Data excerpts:

▶

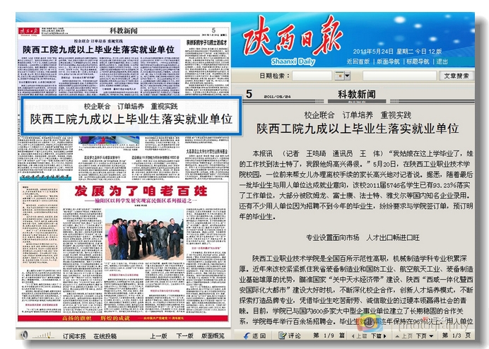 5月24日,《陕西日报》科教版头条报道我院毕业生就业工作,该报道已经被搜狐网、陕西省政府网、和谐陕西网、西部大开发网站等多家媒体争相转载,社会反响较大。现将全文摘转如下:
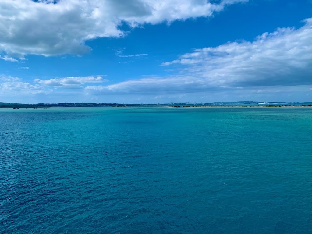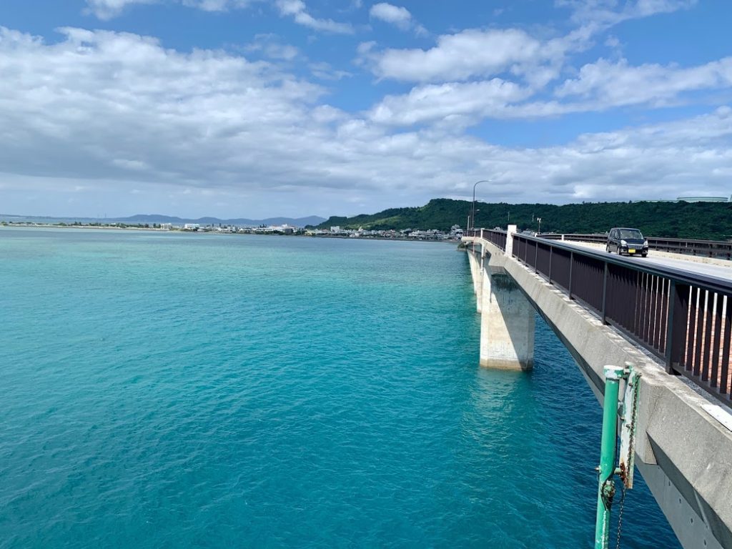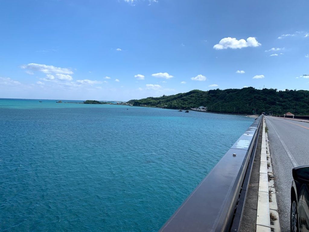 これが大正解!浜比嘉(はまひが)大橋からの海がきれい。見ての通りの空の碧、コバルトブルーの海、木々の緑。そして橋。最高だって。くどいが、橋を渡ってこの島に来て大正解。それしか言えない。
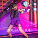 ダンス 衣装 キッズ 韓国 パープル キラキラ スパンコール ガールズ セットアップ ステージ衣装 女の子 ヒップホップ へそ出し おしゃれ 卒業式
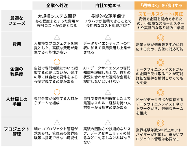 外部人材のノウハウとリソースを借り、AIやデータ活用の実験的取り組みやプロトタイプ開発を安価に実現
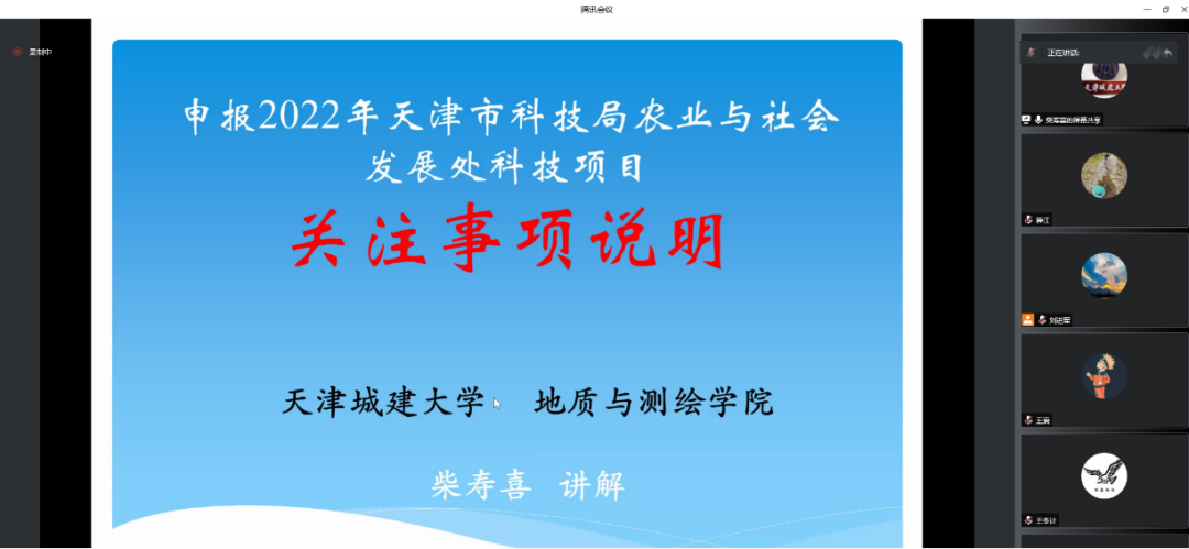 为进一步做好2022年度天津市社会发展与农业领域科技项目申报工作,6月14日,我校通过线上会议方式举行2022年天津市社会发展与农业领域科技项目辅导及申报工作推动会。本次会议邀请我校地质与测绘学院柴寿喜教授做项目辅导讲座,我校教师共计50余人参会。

◀

Without the pictures, write out every line above exactly as it appears.

** WRITTEN REPLY **
 5月24日,《陕西日报》科教版头条报道我院毕业生就业工作,该报道已经被搜狐网、陕西省政府网、和谐陕西网、西部大开发网站等多家媒体争相转载,社会反响较大。现将全文摘转如下:
 これが大正解!浜比嘉(はまひが)大橋からの海がきれい。見ての通りの空の碧、コバルトブルーの海、木々の緑。そして橋。最高だって。くどいが、橋を渡ってこの島に来て大正解。それしか言えない。
 ダンス 衣装 キッズ 韓国 パープル キラキラ スパンコール ガールズ セットアップ ステージ衣装 女の子 ヒップホップ へそ出し おしゃれ 卒業式
 外部人材のノウハウとリソースを借り、AIやデータ活用の実験的取り組みやプロトタイプ開発を安価に実現
 为进一步做好2022年度天津市社会发展与农业领域科技项目申报工作,6月14日,我校通过线上会议方式举行2022年天津市社会发展与农业领域科技项目辅导及申报工作推动会。本次会议邀请我校地质与测绘学院柴寿喜教授做项目辅导讲座,我校教师共计50余人参会。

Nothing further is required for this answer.